I had started a different blog post to the same effect, that delved more deeply into the fairly wondrous sensation that accompanies the moment when our view of the world shifts ever so slightly, but enough to awe us; when something helps us to make the familiar strange. The human face, I’ve been saying to myself and shaking my head in amazement. So simple, an incredible canvas, the original cartographic instrument.

But an update on my Facebook wall today has redirected this HONY-related post. Brandon Stanton, the guy who is behind many hundreds of thousands of people’s daily delights of the photographic variety, shared the following thoughts in partial response to a frustrating trend that this HONY appreciator has been noticing as well:

Brandon invites the audience to “make HONY different than the rest of the internet.” A provocative surmise, not least of all because such a project could not exist were it not for the internet. Yet his plea is not without foundation. Can a space that, especially once it is in the public domain, no longer belongs to one or a few people still retain any sense of an “original” mission or purpose? Is the democratic impetus incongruous with eviction and banning?
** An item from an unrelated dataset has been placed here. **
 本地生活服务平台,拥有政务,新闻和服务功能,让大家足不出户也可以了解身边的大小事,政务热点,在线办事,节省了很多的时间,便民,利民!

Can Brandon just be a guy taking photos and posting them for the world’s enjoyment? (I suspect that the answer to that last question, at least, is no.)

There is safety in numbers, the saying goes, but greater numbers also bring about unforeseen challenges; numbers increase audience, increase others’ awareness where once upon a time a project like HONY enjoyed relative anonymity — or at the very least a dedicated, like-minded audience. In art, such as the Humans of New York project, as in other aspects of life, there appears to be no shortage of people who have made their way as a path of opposition — to others, to ideas, to whole populations. And too often, this opposition is given credibility as being “critical.” Perhaps this is critical of me, but criticality strikes me as an orientation that ought to be more fully immersed in the practices of seeing and looking and observing and unknowing. Of what is one being critical? That is, to merely assert someone is [fill-in-the-blank]-ist, does little “work in the world” other than maybe to advance the visibility of the one who makes such assertions.
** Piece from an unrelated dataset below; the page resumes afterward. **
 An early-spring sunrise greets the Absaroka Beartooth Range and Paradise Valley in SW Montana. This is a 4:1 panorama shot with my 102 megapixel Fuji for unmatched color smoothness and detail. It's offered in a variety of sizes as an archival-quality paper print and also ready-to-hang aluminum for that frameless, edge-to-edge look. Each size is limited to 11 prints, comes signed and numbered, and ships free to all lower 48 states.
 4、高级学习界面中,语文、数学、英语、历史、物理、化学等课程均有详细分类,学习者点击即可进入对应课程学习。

Can we identify and describe things using language other than what we might normally use? Or view things from perspectives other than the ones we rely on without much thinking? If there is disagreement about characterization in the HONY portraits, for example, can one wonder about Brandon’s use of wording in his captions from a generous position? (What I would really love is to replace all of the anxiety-laden, content-thin but testing-heavy curricula in schools with ample opportunities for young people to **really** ask questions and pursue inquiries that begin with “I wonder why…” and “What happens when…” and “In what ways…” — these are questions that stay at the point of description, linger in the phase of noticing, instead of leaping to conclusions.)
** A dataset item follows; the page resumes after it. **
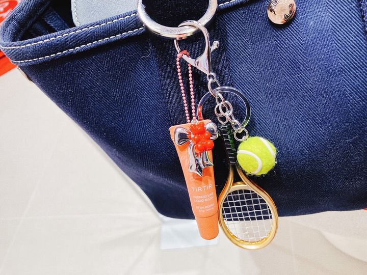 キャンバス地のバッグはコロコロ必須ですね。東大門のnyunyuで購入したテニスチャームも添えて。
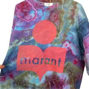Marant Tie Dye Sweatshirt Womens Small Pullover Upcycled Crewneck Blue Pink Red

I will continue to delight in the portraits, even when the captions — that are very often insightful themselves — fall somewhat short of my expectations; I will ease my expectations to prevent hypocritical slippage; and when I do find myself starting to make claims or assumptions about this or that, I’ll look again at the photo and wonder instead about the stories and situations that led to its existence. There’s a different sort of criticality that grows in the forest of narratives. That is where you’ll find me.